▶ **DIRECTIONS**: Copy verbatim the block of lines in the entries below whose first line contains "아까 전에 알아낸 에러" and whose last line contains "Dalam rangka persiapan". Leave out all other lines.

▶ **Stored dataset items**:
╭──

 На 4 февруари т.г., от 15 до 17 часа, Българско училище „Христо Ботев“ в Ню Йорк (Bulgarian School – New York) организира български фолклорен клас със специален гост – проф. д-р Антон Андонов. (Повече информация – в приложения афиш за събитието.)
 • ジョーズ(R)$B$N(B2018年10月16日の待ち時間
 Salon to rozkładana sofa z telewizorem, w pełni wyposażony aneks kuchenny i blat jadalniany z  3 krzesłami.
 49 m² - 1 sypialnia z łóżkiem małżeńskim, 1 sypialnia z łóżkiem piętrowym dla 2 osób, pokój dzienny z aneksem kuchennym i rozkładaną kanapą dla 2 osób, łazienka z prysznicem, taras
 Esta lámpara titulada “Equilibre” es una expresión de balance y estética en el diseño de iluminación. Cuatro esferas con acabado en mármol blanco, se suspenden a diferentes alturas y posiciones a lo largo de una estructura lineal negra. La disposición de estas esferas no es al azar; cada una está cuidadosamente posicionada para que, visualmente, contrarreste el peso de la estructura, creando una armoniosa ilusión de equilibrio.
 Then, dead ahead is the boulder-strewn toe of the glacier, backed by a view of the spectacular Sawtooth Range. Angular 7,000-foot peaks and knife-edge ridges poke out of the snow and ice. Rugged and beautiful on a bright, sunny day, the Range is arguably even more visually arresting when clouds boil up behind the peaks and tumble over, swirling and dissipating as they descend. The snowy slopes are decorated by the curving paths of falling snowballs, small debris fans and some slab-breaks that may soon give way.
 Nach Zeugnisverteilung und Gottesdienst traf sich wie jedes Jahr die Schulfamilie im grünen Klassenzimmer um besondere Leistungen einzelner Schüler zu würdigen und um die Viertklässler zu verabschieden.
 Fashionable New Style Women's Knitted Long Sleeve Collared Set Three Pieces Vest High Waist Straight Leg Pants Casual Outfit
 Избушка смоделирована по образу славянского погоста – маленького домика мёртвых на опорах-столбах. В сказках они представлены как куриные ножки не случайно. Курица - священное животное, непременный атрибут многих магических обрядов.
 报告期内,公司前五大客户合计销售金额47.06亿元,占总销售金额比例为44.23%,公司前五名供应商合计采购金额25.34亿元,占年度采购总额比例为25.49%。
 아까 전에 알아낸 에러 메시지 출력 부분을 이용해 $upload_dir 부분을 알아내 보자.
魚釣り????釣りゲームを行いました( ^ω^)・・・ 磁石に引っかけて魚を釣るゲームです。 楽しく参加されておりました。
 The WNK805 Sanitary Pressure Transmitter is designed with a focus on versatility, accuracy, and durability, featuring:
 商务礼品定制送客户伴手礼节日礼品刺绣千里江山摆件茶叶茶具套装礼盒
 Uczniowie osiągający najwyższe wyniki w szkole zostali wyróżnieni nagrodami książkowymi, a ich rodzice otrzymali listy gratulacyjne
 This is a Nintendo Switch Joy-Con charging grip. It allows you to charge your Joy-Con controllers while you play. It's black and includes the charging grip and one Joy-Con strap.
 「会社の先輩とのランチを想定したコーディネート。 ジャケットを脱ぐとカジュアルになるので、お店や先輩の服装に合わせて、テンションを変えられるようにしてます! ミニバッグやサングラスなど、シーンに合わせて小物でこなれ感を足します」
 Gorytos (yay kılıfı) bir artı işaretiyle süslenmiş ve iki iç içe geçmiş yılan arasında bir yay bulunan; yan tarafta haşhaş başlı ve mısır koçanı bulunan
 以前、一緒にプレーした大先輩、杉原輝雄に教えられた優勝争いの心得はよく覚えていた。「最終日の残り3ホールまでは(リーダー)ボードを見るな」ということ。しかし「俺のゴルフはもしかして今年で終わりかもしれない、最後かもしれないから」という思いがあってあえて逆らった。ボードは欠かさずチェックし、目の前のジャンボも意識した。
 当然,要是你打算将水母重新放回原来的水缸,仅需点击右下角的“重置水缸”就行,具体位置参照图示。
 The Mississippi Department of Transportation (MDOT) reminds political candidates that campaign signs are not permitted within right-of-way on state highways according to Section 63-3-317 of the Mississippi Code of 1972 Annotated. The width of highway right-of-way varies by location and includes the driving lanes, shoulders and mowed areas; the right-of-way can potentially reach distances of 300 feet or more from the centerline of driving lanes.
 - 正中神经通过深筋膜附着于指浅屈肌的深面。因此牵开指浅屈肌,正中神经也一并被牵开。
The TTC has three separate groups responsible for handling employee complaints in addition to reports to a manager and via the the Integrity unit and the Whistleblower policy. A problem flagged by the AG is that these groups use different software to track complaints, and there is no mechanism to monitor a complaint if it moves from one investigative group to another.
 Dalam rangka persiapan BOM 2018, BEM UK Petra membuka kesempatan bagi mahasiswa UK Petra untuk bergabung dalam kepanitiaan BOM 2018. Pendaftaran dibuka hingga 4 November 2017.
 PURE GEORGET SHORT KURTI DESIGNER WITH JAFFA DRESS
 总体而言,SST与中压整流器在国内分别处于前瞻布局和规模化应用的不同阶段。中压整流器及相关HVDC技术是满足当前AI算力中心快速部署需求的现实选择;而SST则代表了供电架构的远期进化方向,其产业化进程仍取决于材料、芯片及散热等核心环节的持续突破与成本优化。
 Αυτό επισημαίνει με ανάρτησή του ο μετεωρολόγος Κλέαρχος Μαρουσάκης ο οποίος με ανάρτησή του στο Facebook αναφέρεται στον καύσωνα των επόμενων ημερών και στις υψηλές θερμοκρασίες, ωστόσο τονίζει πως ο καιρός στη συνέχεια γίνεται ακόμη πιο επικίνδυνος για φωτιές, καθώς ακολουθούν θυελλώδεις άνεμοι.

╰──

▶ **ANSWER FOR THE TASK**:
 아까 전에 알아낸 에러 메시지 출력 부분을 이용해 $upload_dir 부분을 알아내 보자.
魚釣り????釣りゲームを行いました( ^ω^)・・・ 磁石に引っかけて魚を釣るゲームです。 楽しく参加されておりました。
 The WNK805 Sanitary Pressure Transmitter is designed with a focus on versatility, accuracy, and durability, featuring:
 商务礼品定制送客户伴手礼节日礼品刺绣千里江山摆件茶叶茶具套装礼盒
 Uczniowie osiągający najwyższe wyniki w szkole zostali wyróżnieni nagrodami książkowymi, a ich rodzice otrzymali listy gratulacyjne
 This is a Nintendo Switch Joy-Con charging grip. It allows you to charge your Joy-Con controllers while you play. It's black and includes the charging grip and one Joy-Con strap.
 「会社の先輩とのランチを想定したコーディネート。 ジャケットを脱ぐとカジュアルになるので、お店や先輩の服装に合わせて、テンションを変えられるようにしてます! ミニバッグやサングラスなど、シーンに合わせて小物でこなれ感を足します」
 Gorytos (yay kılıfı) bir artı işaretiyle süslenmiş ve iki iç içe geçmiş yılan arasında bir yay bulunan; yan tarafta haşhaş başlı ve mısır koçanı bulunan
 以前、一緒にプレーした大先輩、杉原輝雄に教えられた優勝争いの心得はよく覚えていた。「最終日の残り3ホールまでは(リーダー)ボードを見るな」ということ。しかし「俺のゴルフはもしかして今年で終わりかもしれない、最後かもしれないから」という思いがあってあえて逆らった。ボードは欠かさずチェックし、目の前のジャンボも意識した。
 当然,要是你打算将水母重新放回原来的水缸,仅需点击右下角的“重置水缸”就行,具体位置参照图示。
 The Mississippi Department of Transportation (MDOT) reminds political candidates that campaign signs are not permitted within right-of-way on state highways according to Section 63-3-317 of the Mississippi Code of 1972 Annotated. The width of highway right-of-way varies by location and includes the driving lanes, shoulders and mowed areas; the right-of-way can potentially reach distances of 300 feet or more from the centerline of driving lanes.
 - 正中神经通过深筋膜附着于指浅屈肌的深面。因此牵开指浅屈肌,正中神经也一并被牵开。
The TTC has three separate groups responsible for handling employee complaints in addition to reports to a manager and via the the Integrity unit and the Whistleblower policy. A problem flagged by the AG is that these groups use different software to track complaints, and there is no mechanism to monitor a complaint if it moves from one investigative group to another.
 Dalam rangka persiapan BOM 2018, BEM UK Petra membuka kesempatan bagi mahasiswa UK Petra untuk bergabung dalam kepanitiaan BOM 2018. Pendaftaran dibuka hingga 4 November 2017.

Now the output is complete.